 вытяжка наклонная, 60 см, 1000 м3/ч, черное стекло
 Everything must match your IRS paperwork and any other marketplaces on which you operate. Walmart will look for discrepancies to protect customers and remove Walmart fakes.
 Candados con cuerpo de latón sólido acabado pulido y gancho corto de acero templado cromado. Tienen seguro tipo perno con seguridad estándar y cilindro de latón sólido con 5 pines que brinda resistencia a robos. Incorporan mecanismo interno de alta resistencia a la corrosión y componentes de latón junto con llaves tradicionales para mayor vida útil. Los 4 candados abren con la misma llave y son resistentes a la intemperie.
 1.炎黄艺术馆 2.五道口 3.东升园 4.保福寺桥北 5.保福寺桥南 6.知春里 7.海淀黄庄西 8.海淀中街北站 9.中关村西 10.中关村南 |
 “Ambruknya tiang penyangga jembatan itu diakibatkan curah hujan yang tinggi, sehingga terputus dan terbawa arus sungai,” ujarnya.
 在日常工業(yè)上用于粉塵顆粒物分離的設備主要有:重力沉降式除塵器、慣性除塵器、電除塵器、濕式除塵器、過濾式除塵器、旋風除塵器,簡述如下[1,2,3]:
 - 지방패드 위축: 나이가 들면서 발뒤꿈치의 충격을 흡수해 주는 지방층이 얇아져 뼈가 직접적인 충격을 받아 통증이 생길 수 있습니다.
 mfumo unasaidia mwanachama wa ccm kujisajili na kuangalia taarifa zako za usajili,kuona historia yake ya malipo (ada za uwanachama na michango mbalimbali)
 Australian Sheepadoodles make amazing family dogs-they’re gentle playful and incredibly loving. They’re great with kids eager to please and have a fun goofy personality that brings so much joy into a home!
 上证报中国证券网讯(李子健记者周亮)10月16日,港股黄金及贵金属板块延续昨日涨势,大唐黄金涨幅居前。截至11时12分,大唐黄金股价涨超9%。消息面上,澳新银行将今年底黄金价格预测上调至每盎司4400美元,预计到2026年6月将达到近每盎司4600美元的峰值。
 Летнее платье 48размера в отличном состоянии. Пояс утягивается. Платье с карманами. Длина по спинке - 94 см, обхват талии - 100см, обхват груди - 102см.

Problem description: Your task is to write out, exactly, the line that contains "mfumo unasaidia mwanachama" and each line after it to the end of the data, with no other lines.

Result for this exercise:
 mfumo unasaidia mwanachama wa ccm kujisajili na kuangalia taarifa zako za usajili,kuona historia yake ya malipo (ada za uwanachama na michango mbalimbali)
 Australian Sheepadoodles make amazing family dogs-they’re gentle playful and incredibly loving. They’re great with kids eager to please and have a fun goofy personality that brings so much joy into a home!
 上证报中国证券网讯(李子健记者周亮)10月16日,港股黄金及贵金属板块延续昨日涨势,大唐黄金涨幅居前。截至11时12分,大唐黄金股价涨超9%。消息面上,澳新银行将今年底黄金价格预测上调至每盎司4400美元,预计到2026年6月将达到近每盎司4600美元的峰值。
 Летнее платье 48размера в отличном состоянии. Пояс утягивается. Платье с карманами. Длина по спинке - 94 см, обхват талии - 100см, обхват груди - 102см.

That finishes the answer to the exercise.